15 thoughts on “Not on the Agenda

  1. Lucky you! I’d would have been over the moon to have seen it as I’m fascinated by owls but have only very rarely seen any in the wild.
    Your friend is right about them being fluffed up birds making them look bigger than they are. xx

  2. We have several local owls. Often, at night, I will find myself following one as it swoops down the lane and exits into the woodland. It seems enormous. One sits on the cable outside the house – our son watches from his bedroom, if his curtains are open in the morning we know it has been an owl night. They have very noisy periods too, which I love. Much nicer than screeching foxes – and less messy!

  3. When I was a kid there was a barn owl (or even a dynasty of barn owls – I don’t know how long they live) that perched on top of the dormer of my brothers’ bedroom. I could watch it from the dormer of mine.
    Most of the village being ribbon development, the tops of the houses must have been ideal stopping off points between the fields.
    And, of course, reading The Owl who was Afraid of the Dark at school made it even better.

  4. What a treat! I would have been as distracted as you. I’ve always wondered about that RSPB description, which of course is nonsense. (Very) large woodpigeon maybe. But it is true that under their feathers they are surprisingly small – you can easily cup a tawny’s body in your hand. In that sense a tawny IS about the size of a pigeon. The head and legs give the “extra” weight – in all around 500-550g, and can be less – while a (feral) pigeon is 350-400g.
    Nice pics. Let’s hope it’s alright and not seeking such shelter because it doesn’t feel well.

  5. What a great distraction from your meeting! A couple of years ago, a Cooper’s Hawk (http://www.birds.cornell.edu/AllAboutBirds/BirdGuide/Coopers_Hawk.html) started to hang out on the building opposite my office window. He quickly became my department’s mascot – we called him Super Dooper Cooper and would always check for him in the morings, and cheer when he caught a pigeon. Some people from other departments found excuses to visit us more often than usual, while other people were completely clueless as to why we were so excited. He left in the autumn, and then I left that office… I’ll have to ask them if they’ve seen him again!

    Sarah – I LOVED that book! Wasn’t the owl called Plop?

  6. I think you’re right – the owl who was afraid of the dark was called Plop. We have a story CD of it and have listened to it several times in the car on long journeys.

  7. Lucky you!! A wonderful distraction, and great capture.

  8. How cool was that. I’d have been distracted too.

  9. Your photos of the little owl are just beautiful. What a delightful distraction and gift. Owls are just about my favorite birds, except wrens. Thank you for sharing it with us, and the gorgeous spider webs from the previous post, too.

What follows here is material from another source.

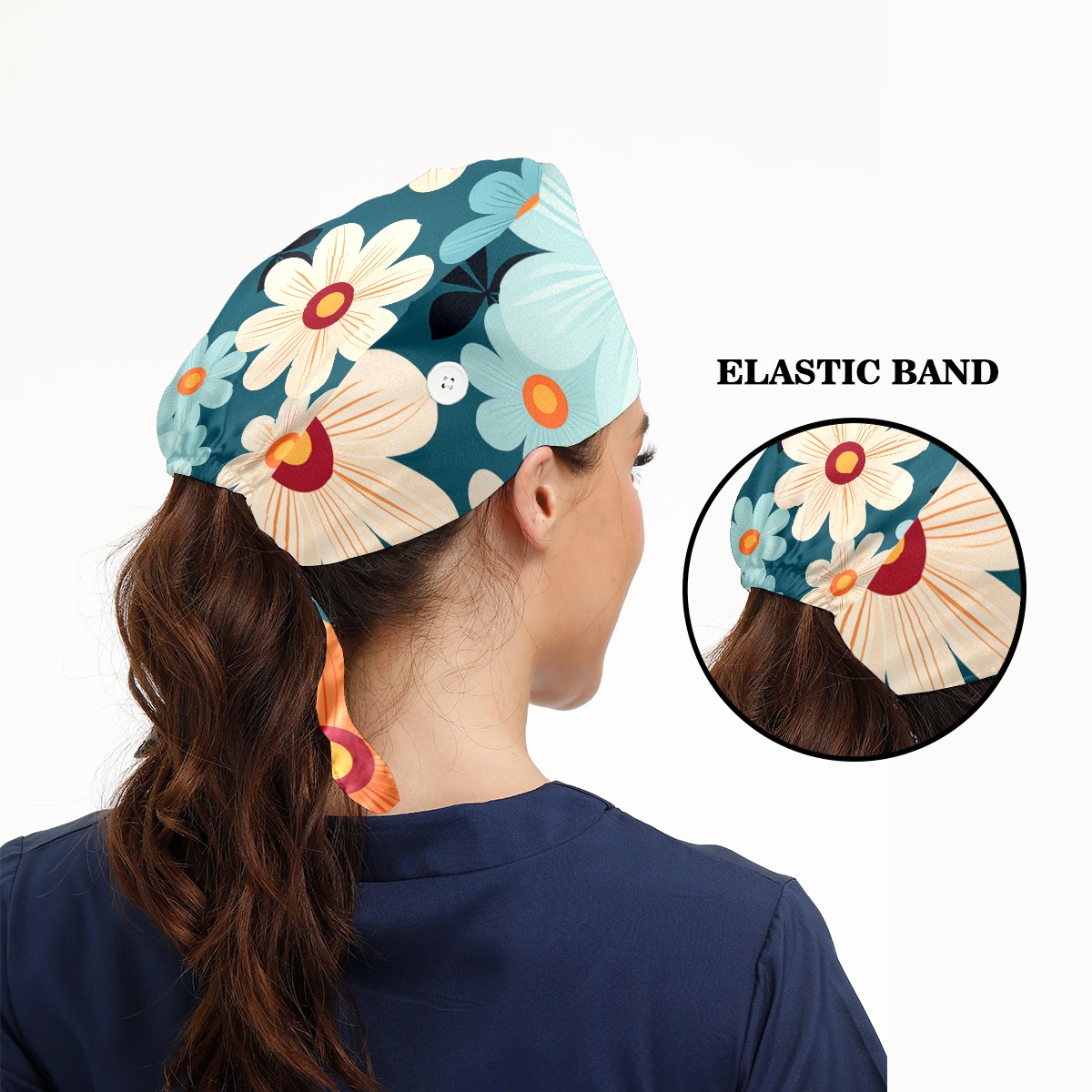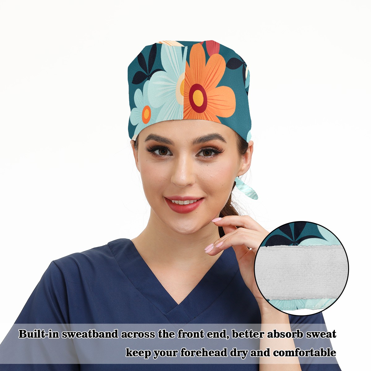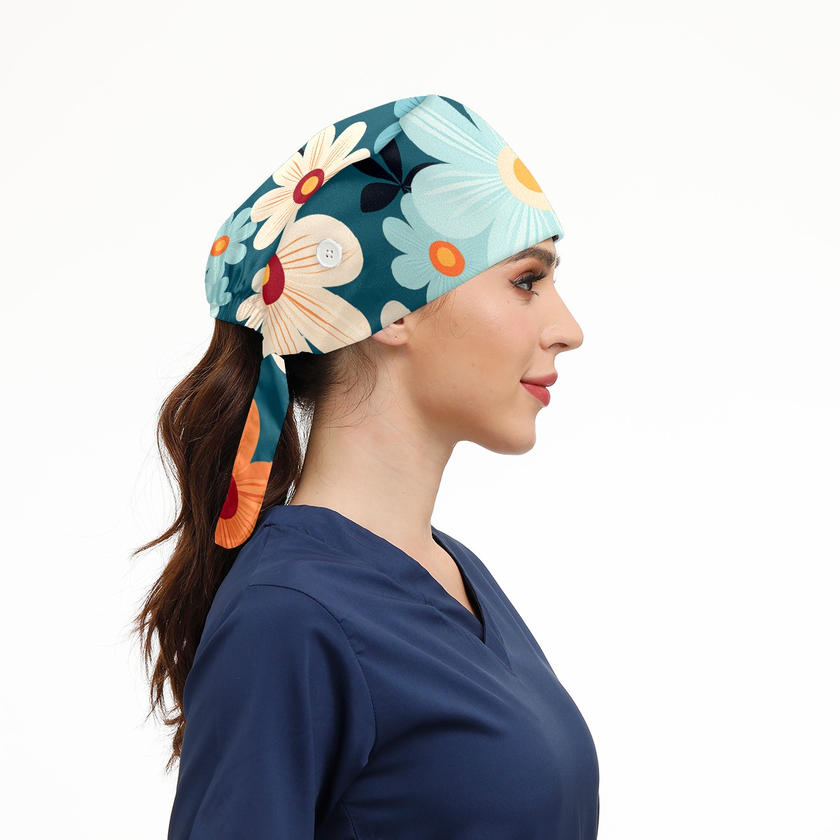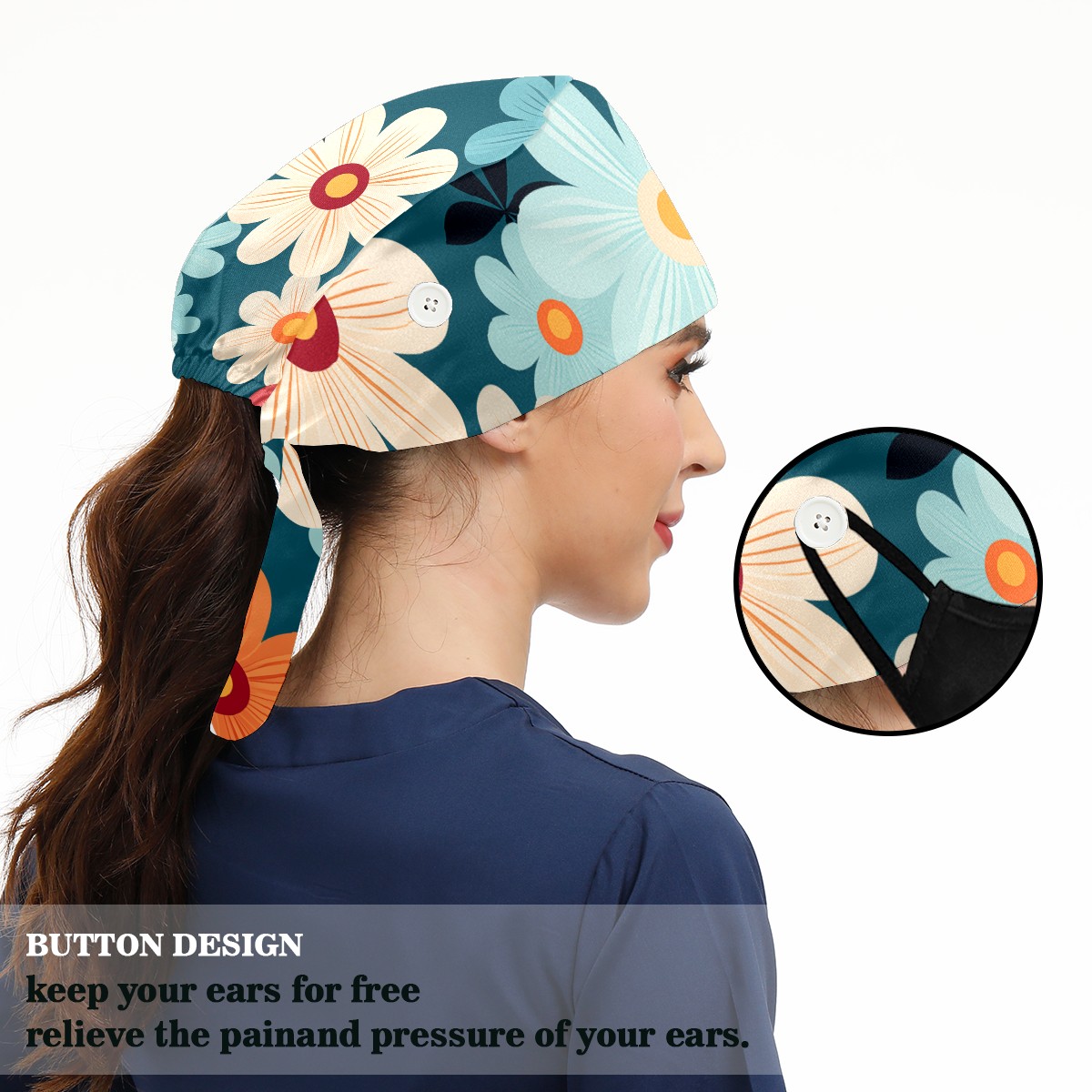 Working Caps with Button&Sweatband Satin Lined Cotton Adjustable Nurse Hats Elastic Band Scrub Cap Surgeon Hat Colorful Flowers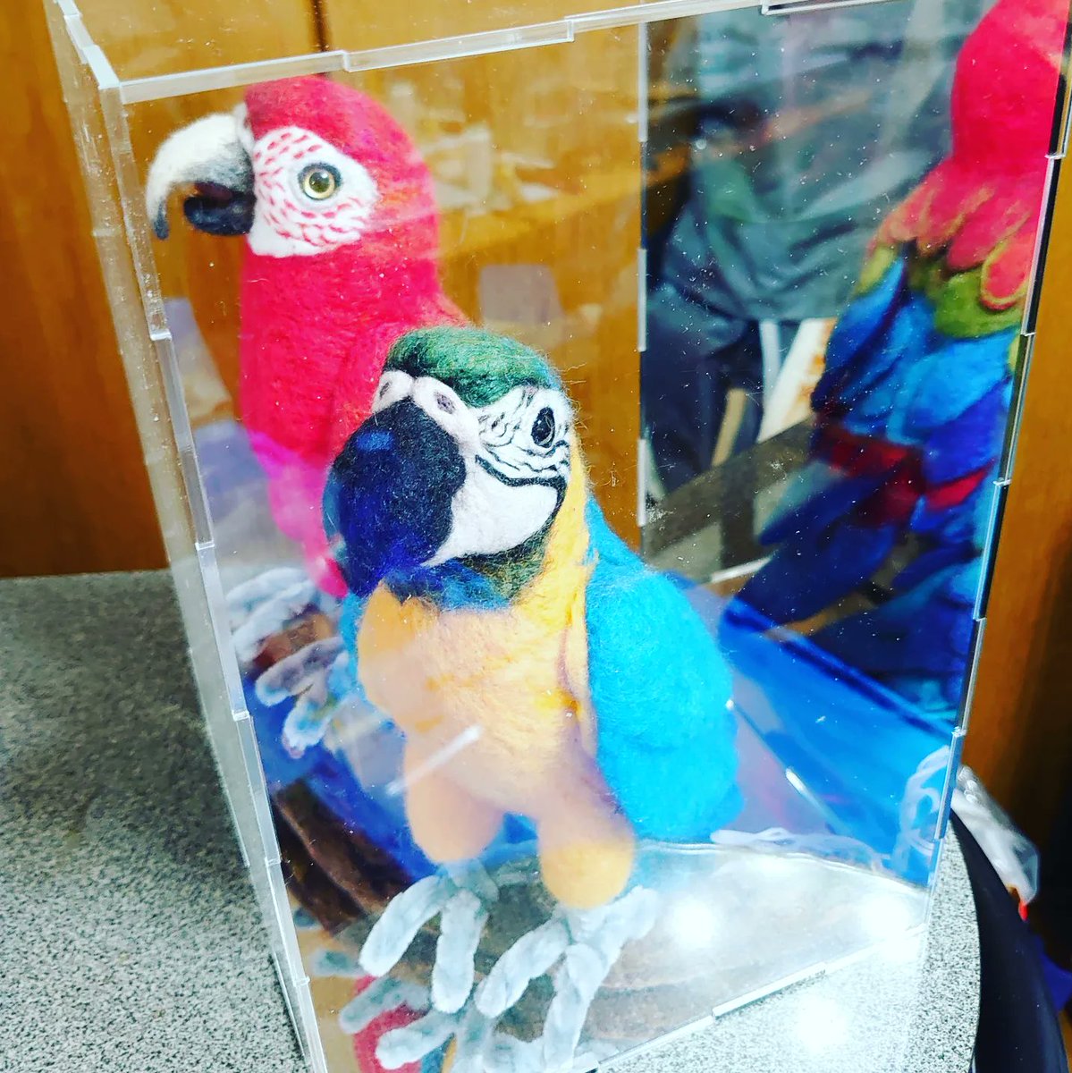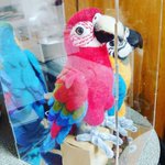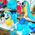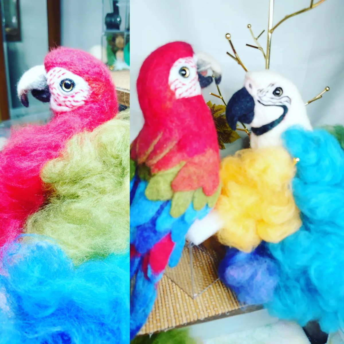 おはようございます♡ #唯一無二インコ 中島です ご依頼番号109番 #ベニコンゴウインコ #ルリコンゴウインコ 全長(嘴〜尾)約30センチ超体高 約20センチ超 かなり大きく製作期間約1ヶを要し…ようやく完成✨ お迎え…よろしくお願い致します🙏💕✨ #羊毛フェルトインコ #羊毛インコ #羊毛フェルト

  10. Oh yes, I’d have been the same! Very exciting to see an owl in the wild in the daylight. I possibly could see a tawny owl if I made the effort. I know a tree where they are said to nest. The front door is clasic, just like in all the bird id books. I just don’t fancy hanging round this particular wood in the dark or dusk. I have been stopped by the police in this wood once already. You see, I too have a reputation with the security services! I was only bird-watching, but the copper wanted to know why I was loitering by someone’s back fence with a long lens trained on their house. Well, it was actually trained on a couple of chaffinches, but it was difficult to prove that. It so happened I had no bird id books in my pocket that day. And when the pressure was on it was difficult to sound knowledgeable about even chaffinches! Well done for being discrete.

  11. You have a barn owl near your house. Ive seen him.
    He was out early in the morning last Sunday.

  12. Isn’t that great. I would have loved to see him sitting there, unperturbed by all the noise below him, knowing he was safe up there. Great shots!

  13. Like so many others said, you’re very lucky! I’d be beside myself to see an owl just sitting outside… and my little digital camera that I keep with me would be drained before I stopped taking photos. We have hawks that live in our area and I’m always in awe when I see them, either sitting on top of a light pole or majestically flying/gliding around. I never get tired of seeing them.